Giter Site home page Giter Site logo

yaseswini / sambamba Goto Github PK

View Code? Open in Web Editor NEW

This project forked from biod/sambamba

0.0 2.0 0.0 3.06 MB

Tools for working with SAM/BAM/CRAM data

Home Page: http://thebird.nl/blog/D_Dragon.html

License: GNU General Public License v2.0

Shell 2.54% Makefile 0.92% Python 1.90% D 93.35% Ruby 1.28%

sambamba's Introduction

sambamba

Anaconda-Server Badge DL

Table of Contents

Introduction

Sambamba is a high performance modern robust and fast tool (and library), written in the D programming language, for working with SAM and BAM files. Current functionality is an important subset of samtools functionality, including view, index, sort, markdup, and depth. Most tools support piping: just specify /dev/stdin or /dev/stdout as filenames.

For almost 5 years the main advantage over samtools was parallelized BAM reading. Finally in March 2017 samtools 1.4 was released, reaching parity on this. That said, we still have quite a few interesting features to offer:

  • faster sort (no benchmarks yet, sorry)
  • automatic index creation when writing any coordinate-sorted file
  • view -L <bed file> utilizes BAM index to skip unrelated chunks
  • depth allows to measure base, sliding window, or region coverages
    • Chanjo builds upon this and gets you to exon/gene levels of abstraction
  • markdup, a fast implementation of Picard algorithm
  • slice quickly extracts a region into a new file, tweaking only first/last chunks

Sambamba is free and open source software, licensed under GPLv2+. See manual pages online to know more about what is available and how to use it.

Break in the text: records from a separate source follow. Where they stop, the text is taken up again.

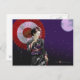 Geisha, Kimono, Rouge, Blanc, Noir, maquillage, Obi, Lune, Purple, Parasol, Pétales de fleurs de cerisier, rêve, imaginaire, cheveux, maquillage
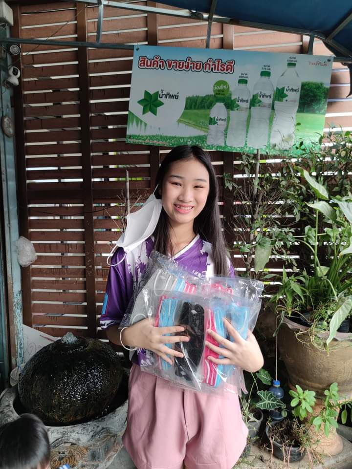 น้องเขาก็ใจบุญ หักค่าตัว หักที่น้องเขาไปแสดง MV หรือออกงานโชว์ตัวหรือออกงานอีเว้นท์ ส่วนหนึ่งน้องเขาเอาเงิน มา ซื้อ น้ำดื่มและหน้ากากอนามัยแจกให้ประชาชนชาวนครปฐม เพราะสถานการณ์ covid 19 มันแพร่ระบาดไปทุกจังหวัด น้องเขาก็เป็นห่วงคนไทยเหมือนกัน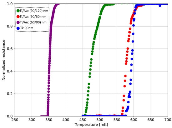 Normalized resistance–temperature curves for Ti/Au 90 nm/120 nm thick bilayer (green dots, Au/Ti ratio equal to 1.33, = 0.11 ); Ti/Au 90 nm/60 nm thick bilayer (red dots, Au/Ti ratio equal to 0.57, = 0.63 ); Ti/Au 60 nm/90 nm thick bilayer (purple dots, Au/Ti ratio equal to 1.5, = 0.17 ); and Ti 90 nm thick monolayer (blue dots, = 9.34 ).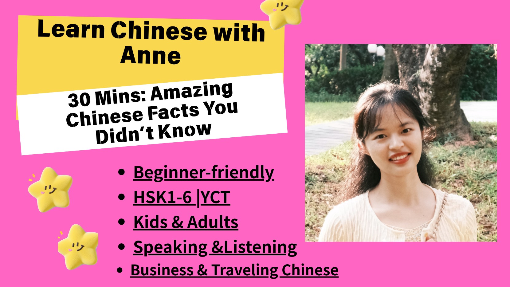 👉8,000レッスン以上|認定講師(5年以上の経験)|👏初級-会話-子供-AP/HSK試験 あらゆる年齢層の生徒さんを5年間教えた経験があります。 専門は中国語会話、AP/HSK試験準備、子供向け中国語です。 レッスン構成 私のレッスンは、学習したことを本当に覚えて使えるように、効果的な学習サイクルに沿っています: 復習 → インプット → アウトプット → 応用 前回のレッスンのキーフレーズを復習します。 実際の教材(ビデオ、ニュース、日々のトピック)に基づいた新しい内容。 スピーキング練習、センテンスビルディング、ロールプレイ。 →授業後:デジタルフラッシュカードで復習。 →次回の授業では、同じ単語を新しい文脈に当てはめます。 これにより、学習は着実に、自然に、そして非常に効果的になります。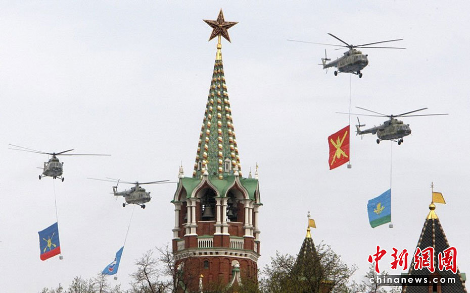 當(dāng)?shù)貢r(shí)間5月4日,在俄羅斯首都莫斯科,參加彩排的戰(zhàn)機(jī)編隊(duì)飛過紅場(chǎng)上空。俄羅斯將于5月9日隆重紀(jì)念衛(wèi)國(guó)戰(zhàn)爭(zhēng)勝利65周年。圖片來源:中國(guó)新聞網(wǎng)

For more information on Sambamba you can contact Artem Tarasov and Pjotr Prins.

Binary installation

Install stable release

For those not in the mood to learn/install new package managers, there are Github source and binary releases. Simply download the tarball, unpack it and run it. For example

wget https://github.com/biod/sambamba/releases/download/v0.6.6/sambamba_v0.6.6_linux.tar.bz2
tar xvjf sambamba_v0.6.6_linux.tar.bz2
./sambamba_v0.6.6

    sambamba 0.6.6

        Usage: sambamba [command] [args...]

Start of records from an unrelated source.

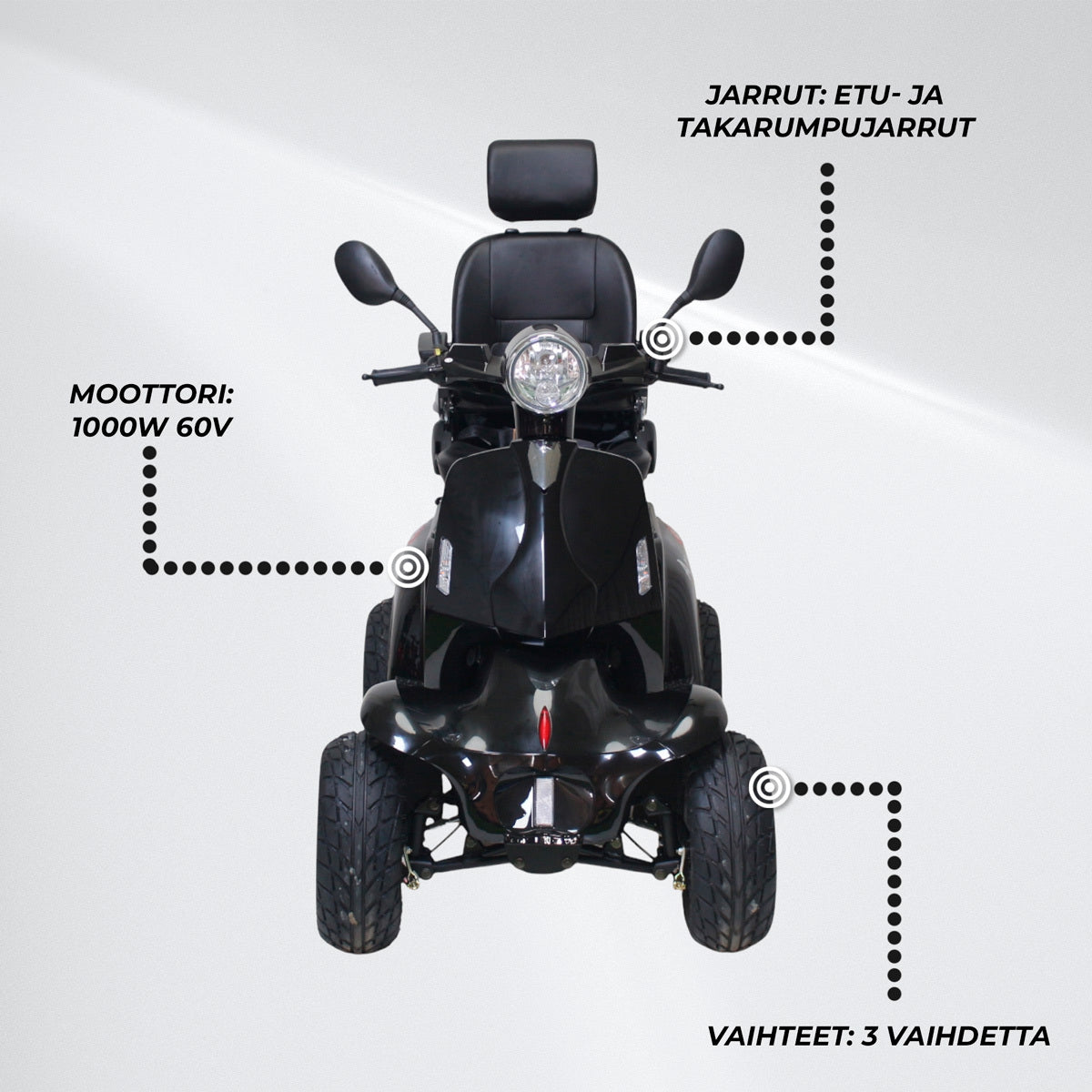 Koe vapauden tunne ja itsenäisyyttä lisäävä liikkuvuus Arvo Senioriskootteri P900 Mustan avulla. Tämä huipputeknologiaa hyödyntävä senioriskootteri on suunniteltu turvallisuutta ja mukavuutta ajatellen, tarjoten samalla poikkeuksellisen ajokokemuksen. Täydellinen ratkaisu niin kaupunkiympäristöön kuin golfkentillekin, P900 Musta vie sinut perille nopeasti ja tyylikkäästi. Sen tehokas 1000W moottori ja kolmivaihteinen vaihteisto varmistavat, että voit hallita nopeutta ja ajomukavuutta juuri sinulle sopivalla tavalla.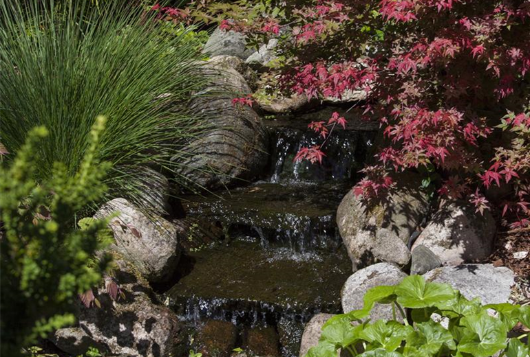 Wenn Sie planen, einen Bachlauf oder einen Wasserfall in Ihrem Garten anzulegen, so suchen Sie sich am besten den höchsten Punkt des Grundstücks aus. Wenn Sie möchten, können Sie diesen noch in Szene setzten, indem Sie ihn womöglich noch mehr erhöhen. Doch Vorsicht, wen das Geplätscher des Wassers stört, der ist besser beraten, die Kaskade nicht allzu sehr in die Tiefe stürzen zu lassen.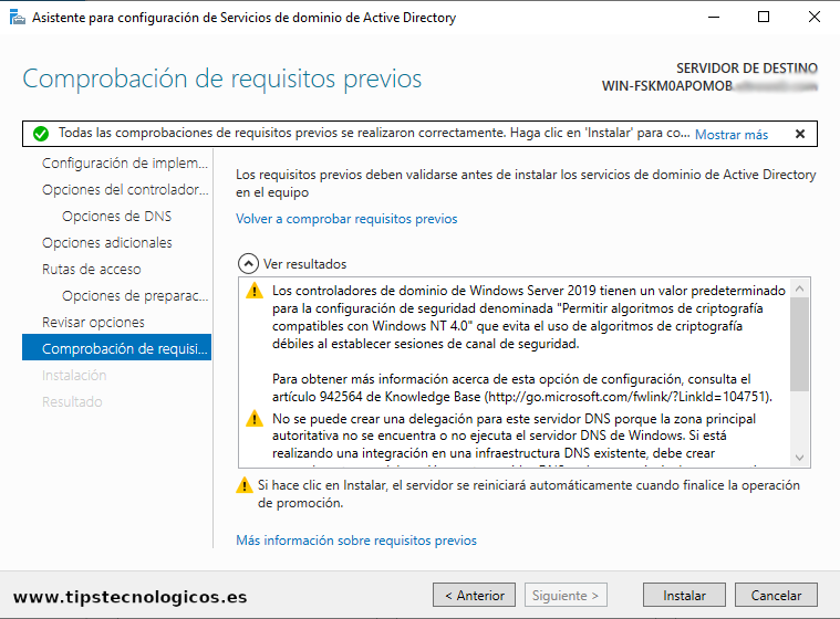 Realizamos una comprobación de requisitos previos para verificar que los cumplimos y pulsamos en Instalar para finalizar la promoción de nuestro nuevo controlador de dominio.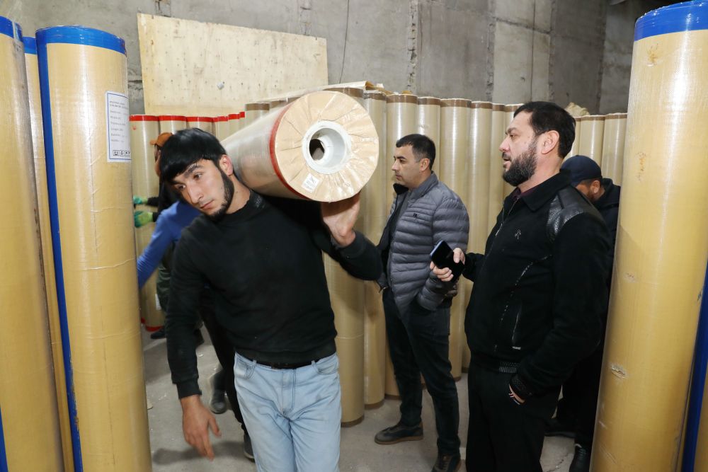 ↑12月12日,在乌兹别克斯坦首都塔什干,当地商家塔什普拉托夫(右)请工人从仓库搬运卷材地板。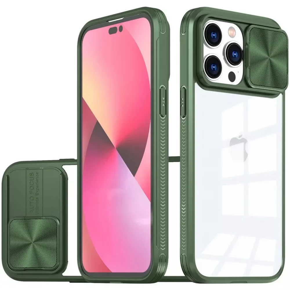 This Wooze case is designed to provide maximum protection and comfort to its user. The device is protected by a flexible TPU and a hard plastic frame and a back made of solid acrylic material. The raised edges protect the phone from scratches. The device's rear camera is protected from external influences by a sliding latch on the back of the case, which can be opened and closed depending on use.

        Available commands: 'view', 'index', 'merge', 'sort',
                             'flagstat', 'slice', 'markdup', 'depth', 'mpileup'
        To get help on a particular command, just call it without args.

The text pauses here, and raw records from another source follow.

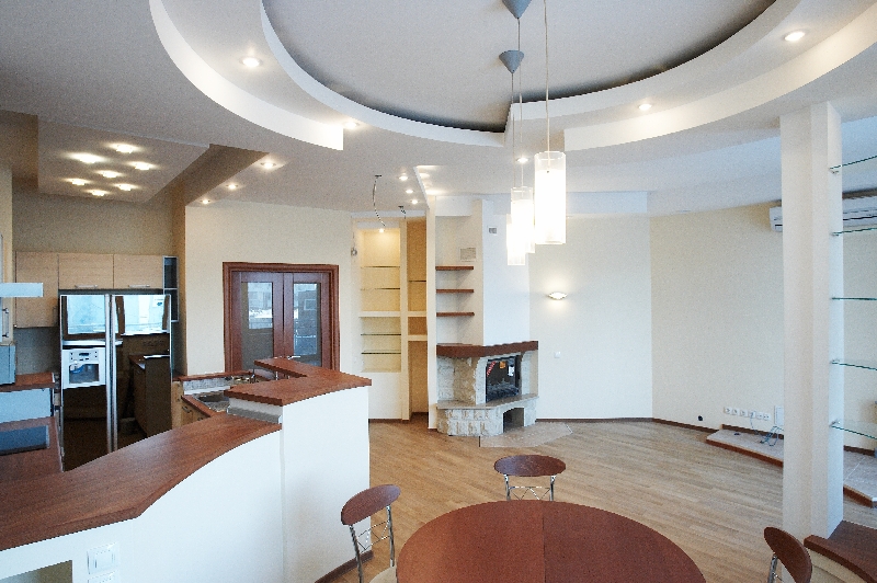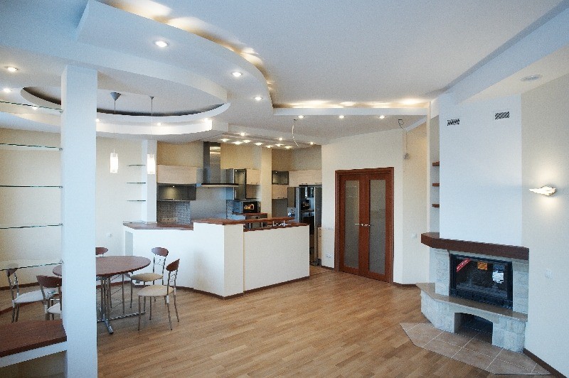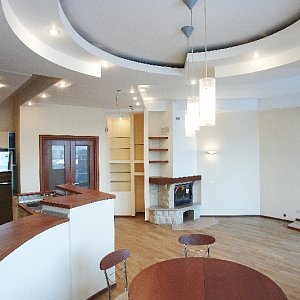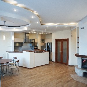 В кухне-гостиной обозначены три зоны: отдыха, обеденная зона и место приготовления пищи. В помещении все продумано до мелочей для комфорта и удобства всех членов семьи. Можно обедать, отдыхать и заниматься домашними делами без ущерба для общения. Беспроигрышный вариант – установка камина. Он создает атмосферу уюта и умиротворения, благодаря которой так приятно возвращаться домой.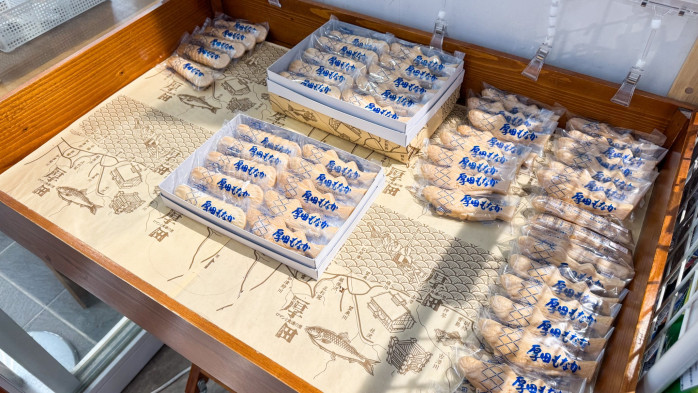 厚田港で穫れる特産のハタハタ(白あん)とシャコ(つぶあん)の形をした、ユニークな最中です。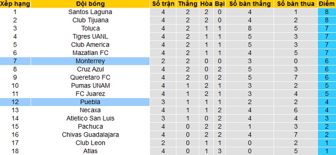 Bảng xếp hạng giải VĐQG Mexico trước vòng 5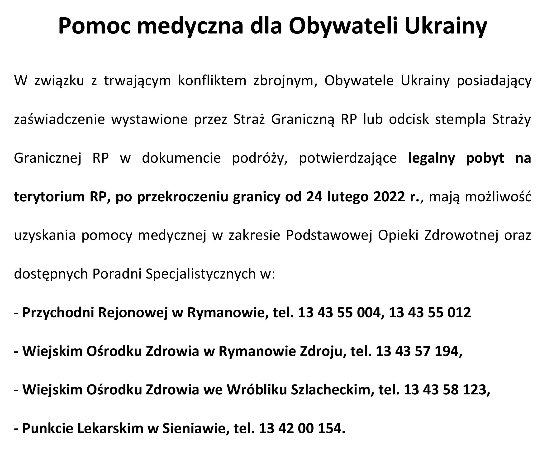 Pomoc medyczna dla Obywateli Ukrainy

Install latest pre-release

A latest pre-release of sambamba 0.6.7 for Linux that includes debug information and all dependencies is available from this link. This 24Mb download reflects the development edition and includes recent versions of libraries, samtools and bcftools. It should install on any Linux distribution, including old ones on HPC clusters.

Install the tarball by unpacking it and running the contained install script with a target directory e.g.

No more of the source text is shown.